Former PepsiCo CEO Indra Nooyi explains why she ‘never ever, ever’ asked for a raise
Nooyi said that she had “never, ever, ever asked for a raise” and had in fact even turned one down during the financial crisis. When asked why, Nooyi, who regularly ranked as one of Fortune’s Most Powerful Women in business, said, “I find it cringeworthy. I cannot imagine working for somebody and saying my pay is not enough.”
The quote was widely shared on Twitter, with some users contrasting Nooyi’s high pay as a CEO with the earnings of the average worker or wondering how Nooyi responded when her former employees asked for raises of their own.
Nooyi felt like some of the social media promotion of the piece had taken her out of context and wanted to clarify. In an interview with Fortune yesterday, she responded to the online firestorm. “I was speaking the truth about my cultural upbringing and why it stopped me from asking for certain things,” she says. “I talk about the immigrant’s fear. I’ve been honest about talking about myself. This is part of that whole package.”
Nooyi, who was born and raised in Chennai, India, and moved to the U.S. for graduate school, says that she and her husband were both brought up to never ask for anything—that they were taught if they did a good job, everything else would come with it. “I wish we were not that way. I wish we had the courage to go ask for it.” She added that since they didn’t come from much, “whatever we had we thought was a lot.”
Nooyi says that she never implied others should not ask. “You can’t take the cultural upbringing out of me,” she says. “This was unique to me. This is not what I’m preaching at all, not what I’m suggesting, not what I’m recommending.”
Nooyi stressed that she supports equal pay and that if you’re paid less than someone else in the same job, you should ask for pay parity—advice that she says she also gives her two daughters. She says that if someone brought a pay case to her when she was CEO of PepsiCo, she was particularly sensitive if it was a woman because she knew that some of them might have been hesitant to ask.
As Bloomberg reported, in Nooyi’s final year on the job in 2018, she did not rank close to the top for executive pay at public U.S. companies.
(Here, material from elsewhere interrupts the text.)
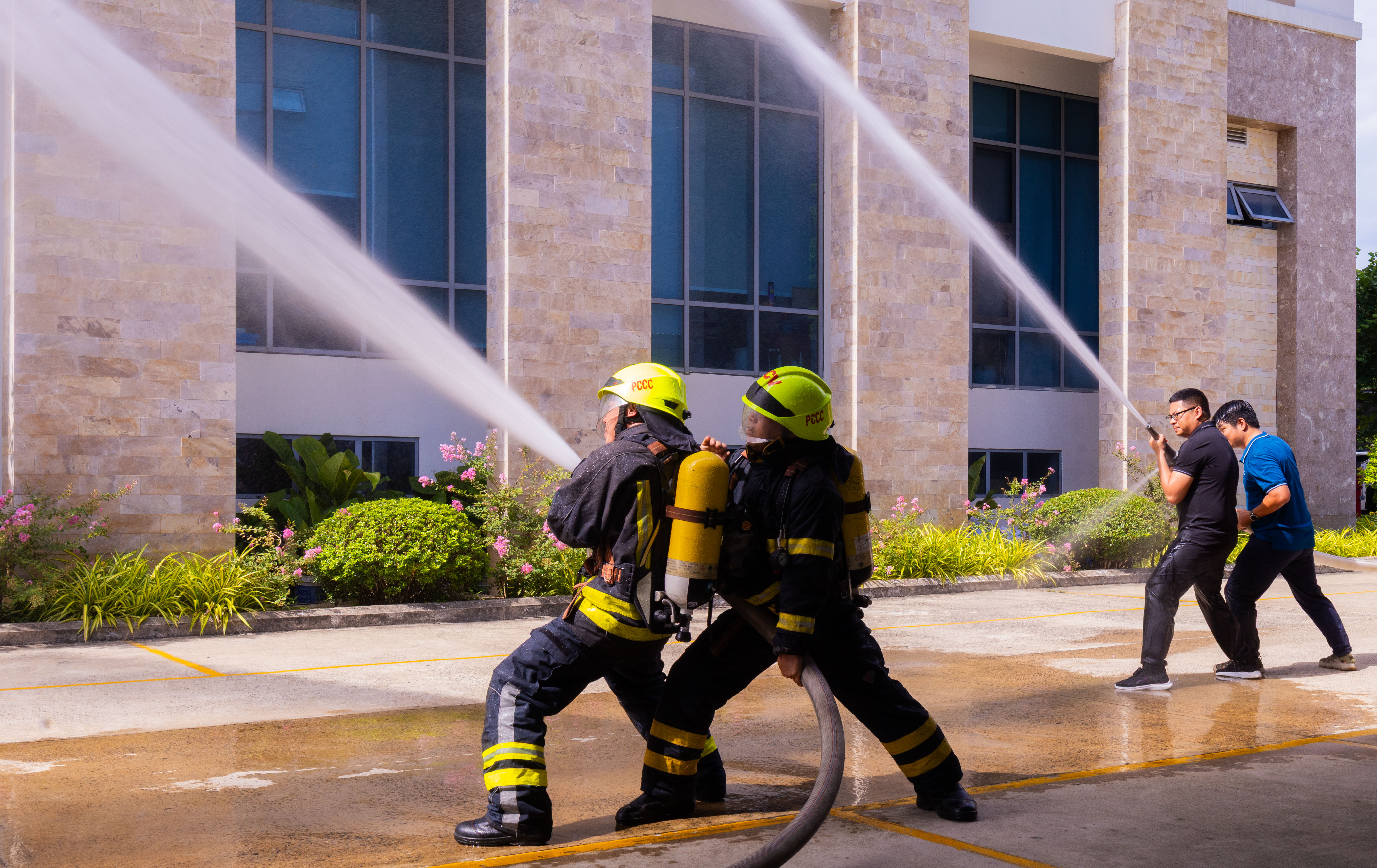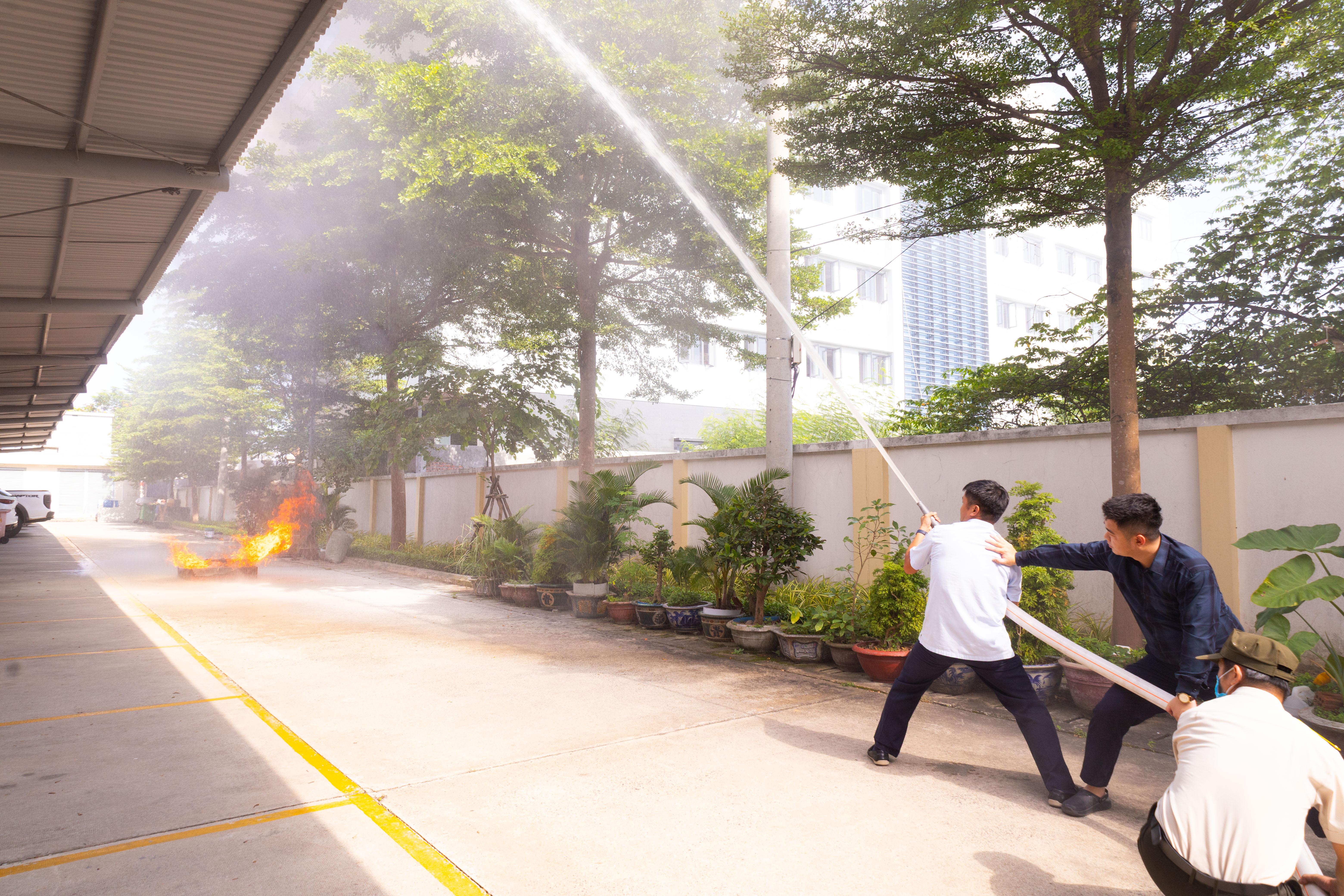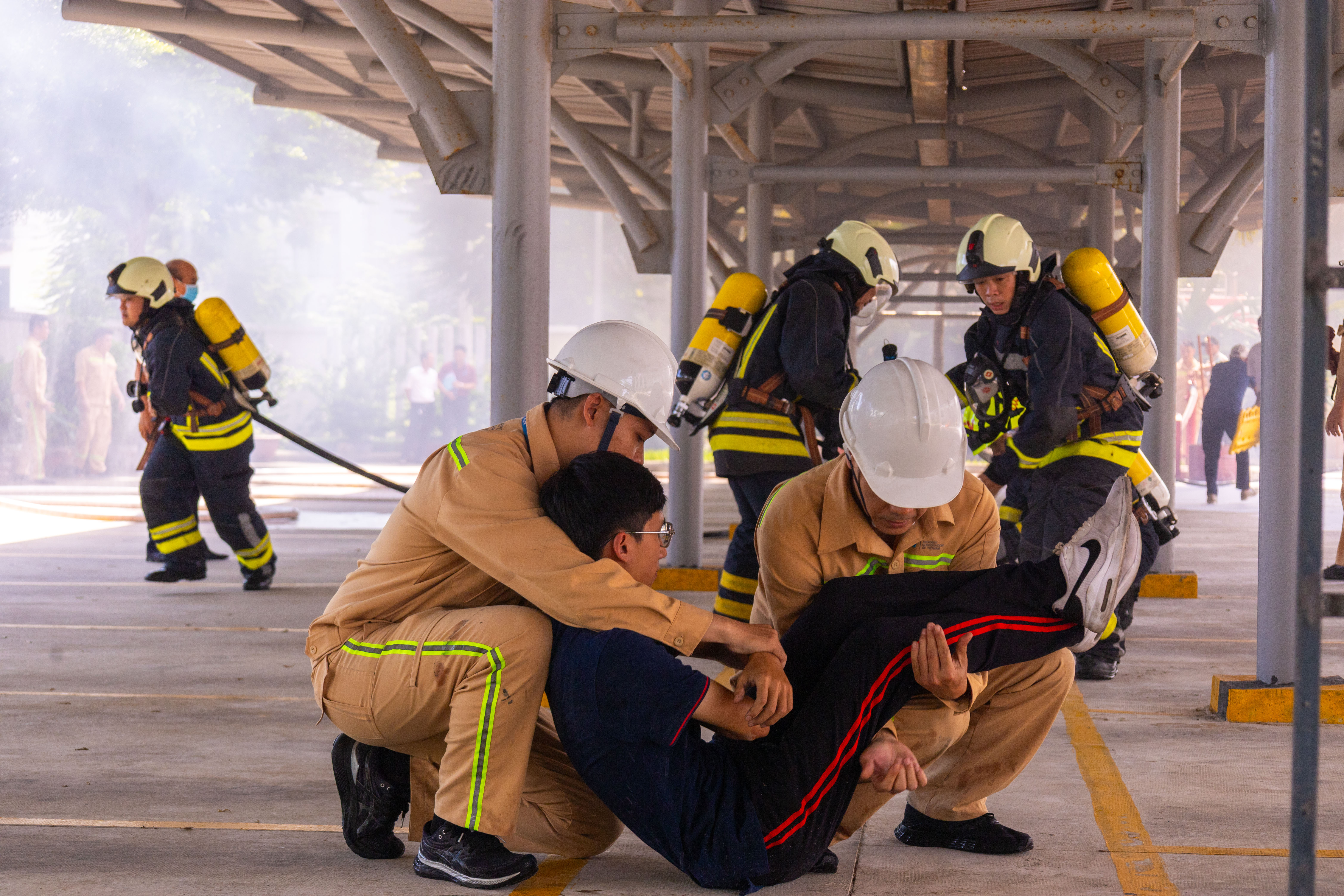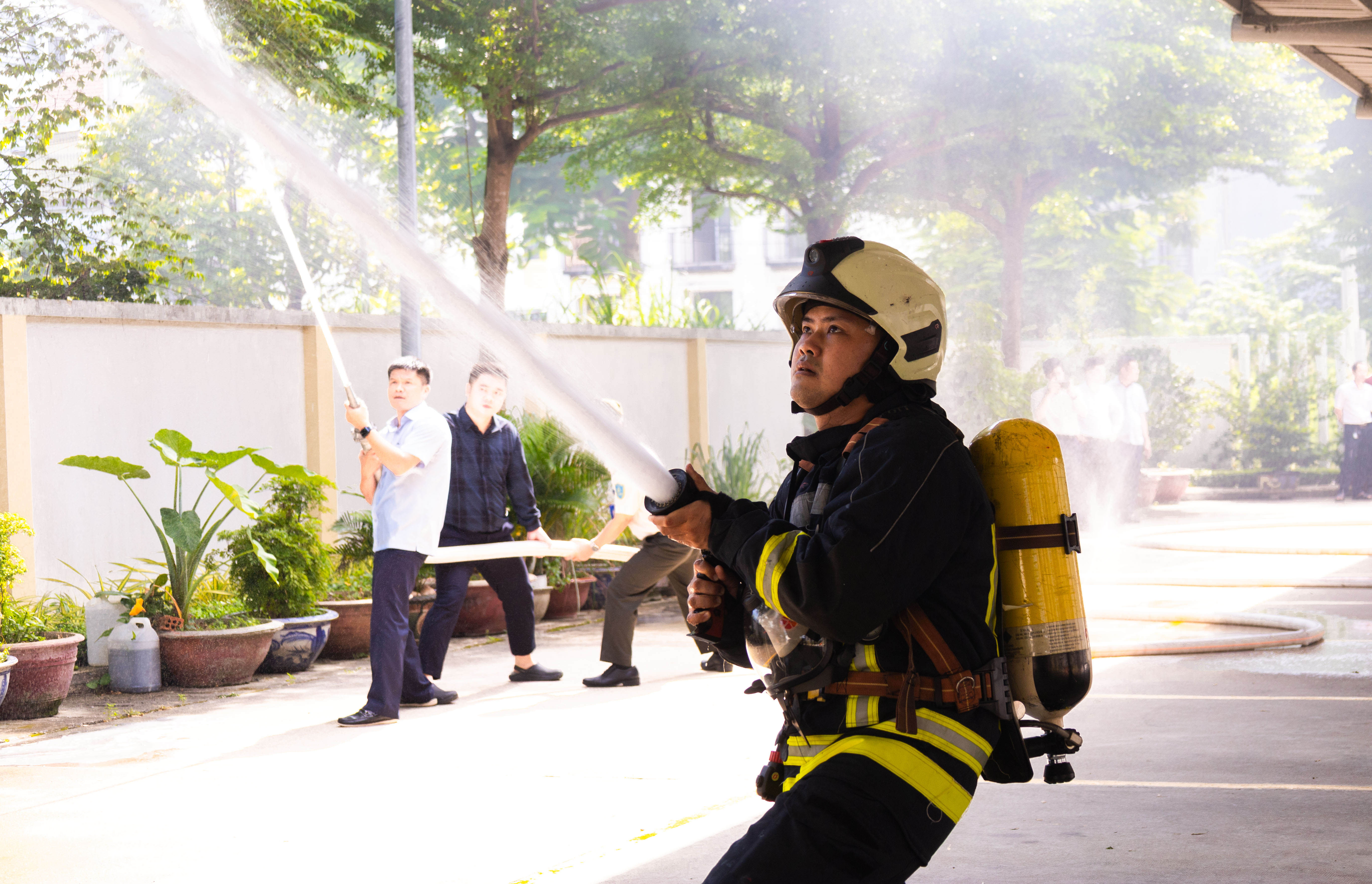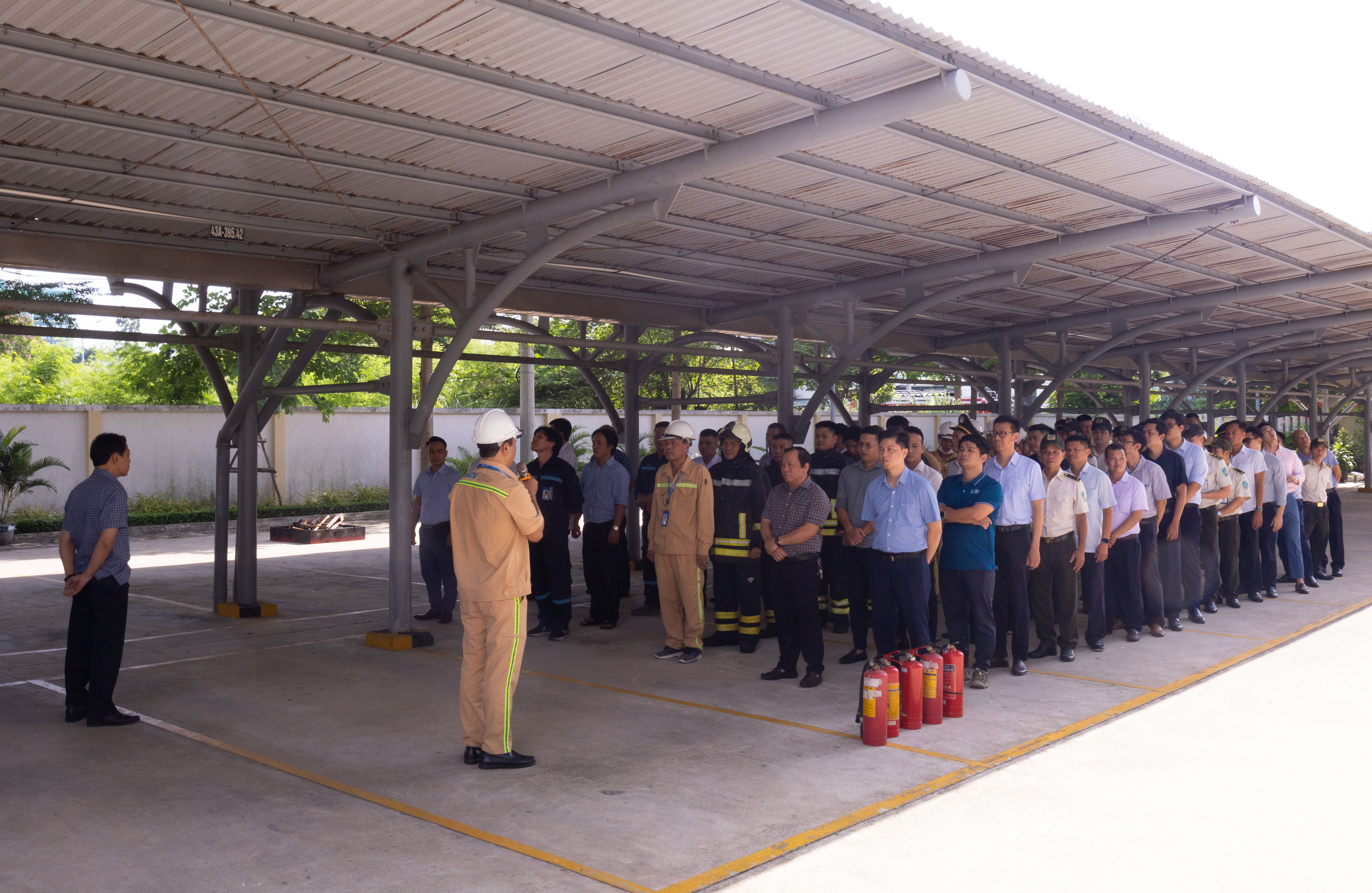 Tình huống giả định là một vụ cháy phát sinh tại khu vực gara ô tô xe máy tại trụ sở Nhà điều hành. Ngay sau khi phát hiện sự cố, hệ thống báo cháy được kích hoạt. Lực lượng tại chỗ nhanh chóng sơ tán người, đồng thời triển khai biện pháp chữa cháy ban đầu. Song song đó, lực lượng PCCC chuyên ngành được huy động khẩn cấp để xử lý điểm cháy, phối hợp cùng y tế khẩn nguy sơ cấp cứu người bị nạn và bảo vệ an toàn hệ thống điều hành trọng yếu.

When asked if she should have been paid more, she told Fortune she didn’t know. “My board she treated me fairly,” she says, adding that “if we start ratcheting up the pay structures, it’ll just become a race to the top.”
When asked if CEOs are paid too much, Nooyi said that was up to the boards and compensation committees. “CEO jobs are well-paying jobs,” she says, “but the responsibilities are very, very heavy too.”
Nooyi, who sits on the board of Amazon, says that companies should be doing a pay equity analysis every year, and focus on the details rather than totals and averages across a company. “These general pay studies get everyone worked up, but they don’t get to a solution,” she says. Companies need to analyze the data to see where the problem is, how it should be addressed, and how soon, she added. “I’m all for analysis leading to results.”